MCP vs CLI: what each is, when to use them and when not to
MCP (Model Context Protocol) standardizes how AI apps discover and use external tools. But not every agent needs MCP — a plain CLI often wins on cost and speed. I walk through what MCP is, the client → server flow, real use cases, when it's overkill, and why CLI beats MCP for popular tooling.
There's a recurring confusion in AI-agent conversations: people treat MCP as a synonym for "an agent that uses tools," when MCP is really just one of the ways to hand tools to a model — and not always the best one.
This post is a practical overview: what MCP is, how the client → server flow works, when it actually pays off, when CLI wins, and why plain function calling via SDK is the right answer for most embedded chats — no extra protocol required.
The one-line definition
MCP is an open protocol for AI apps to discover and call external tools in a standardized way — most useful when client and server have different owners.
Everything below is technical detail on top of that sentence.
What MCP is
MCP (Model Context Protocol) is an open standard created by Anthropic (late 2024) to connect AI models to tools, data, and external systems.
The official analogy:
MCP is the USB-C port for AI. Before, every integration had a different cable.
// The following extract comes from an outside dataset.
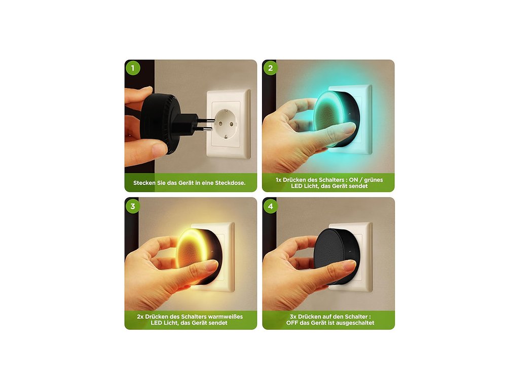 Zariadenie jednoducho zapojíte do zásuvky a začne okamžite vysielať impulzy v 3-sekundových intervaloch. Nepoužíva žiadne chemikálie, a preto neohrozuje deti, domácich miláčikov ani životné prostredie. Vstavaný vypínač a orientačné svetlo uľahčujú používanie najmä v tmavých miestnostiach.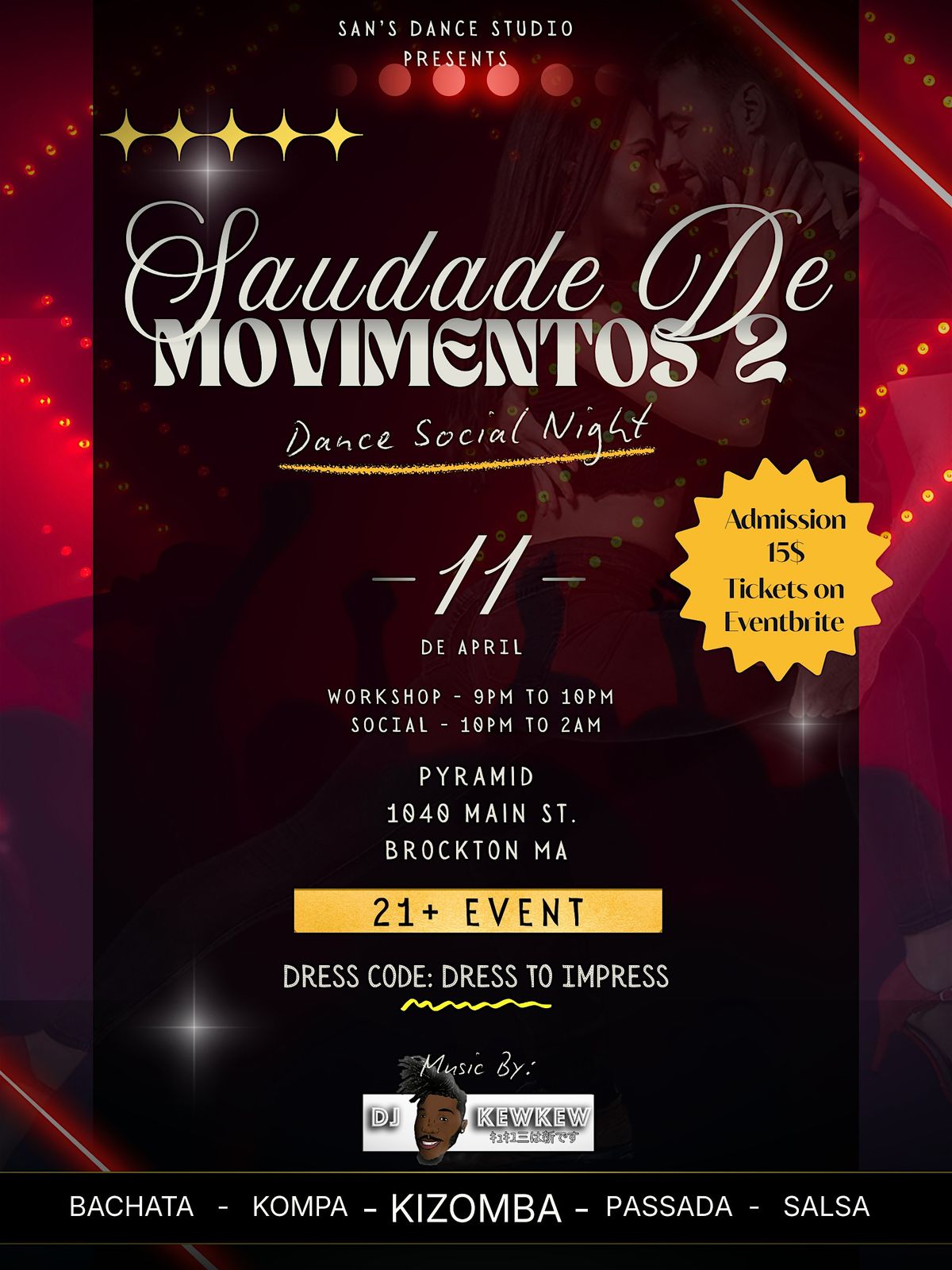 Kizomba workshop followed by a dance social night after class. Experience the beauty of the culture of Kizomba, which originated in Angola. Don’t miss out on this special experience! 💃🏾🕺🏾✨ @sansdancestudio_

Now any compatible model talks to any compatible tool through the same protocol.
Instead of N models × M tools custom integrations, you have a single protocol both sides speak.
The problem MCP solves
A standalone LLM can only generate text from what it receives in its context. It doesn't reach into your database, your files, your calendar, the internet. Before MCP, every integration between a model and a tool was hand-rolled — different shape for each combination.
MCP standardizes that bridge.
Architecture — who talks to whom
Architecture map
Host
Model / AI app
Claude Desktop, Claude Code, Cursor, ChatGPT, or your embedded product.
Consumer side
MCP client
Discovers tools, sends tool schemas to the model, and routes calls.
Provider side
MCP server
Exposes capabilities through JSON-RPC over stdio or HTTP/SSE.
Backing system
Data / tool
Postgres, GitHub, files, Slack, internal APIs, or SaaS actions.
- Host / Client: the AI application. It speaks MCP on the consumer side (Claude Desktop, Cursor, your embedded app).
- MCP Server: a program that exposes the capabilities of an external system following the protocol. Official ones exist for GitHub, Postgres, Google Drive, filesystem, Playwright. You can write your own.
Communication uses JSON-RPC and runs over stdio (local) or HTTP/SSE (remote).
The three primitives of an MCP Server
| Primitive | What it is | Example |
|---|---|---|
| Tools | Actions the model can execute | create_issue, run_query, send_email |
| Resources | Data the model can read | files, DB rows, documents |
| Prompts | Reusable prompt templates | "summarize this PR following this format" |
In practice, tools dominate.
The full flow: from user to database and back
It helps to walk through what happens when someone asks a question to an agent wired to an MCP server:
Runtime flow
User asks a business question
"how many sign-ups did my event get?"
Client sends prompt + available tools
tools = [list_signups, create_event, gen_link, refund]
LLM chooses a tool call
list_signups(eventId: "abc")
Client calls the MCP server
{"method":"tools/call","params":{"name":"list_signups"}}
MCP server executes normal backend work
tRPC, SQL, internal API, OAuth, RBAC, then { total: 22 }
Client feeds result back to the LLM
tool result: { total: 22 }
LLM writes the final answer
"Your event has 22 paid sign-ups so far."
Answer is delivered
The server never thinks; the client pays for inference.
Two details people rarely say out loud:
- The MCP server burns no tokens. It's a plain data server. The client burns tokens, at two points: shipping tools+prompt to the model, and feeding the tool result back as input.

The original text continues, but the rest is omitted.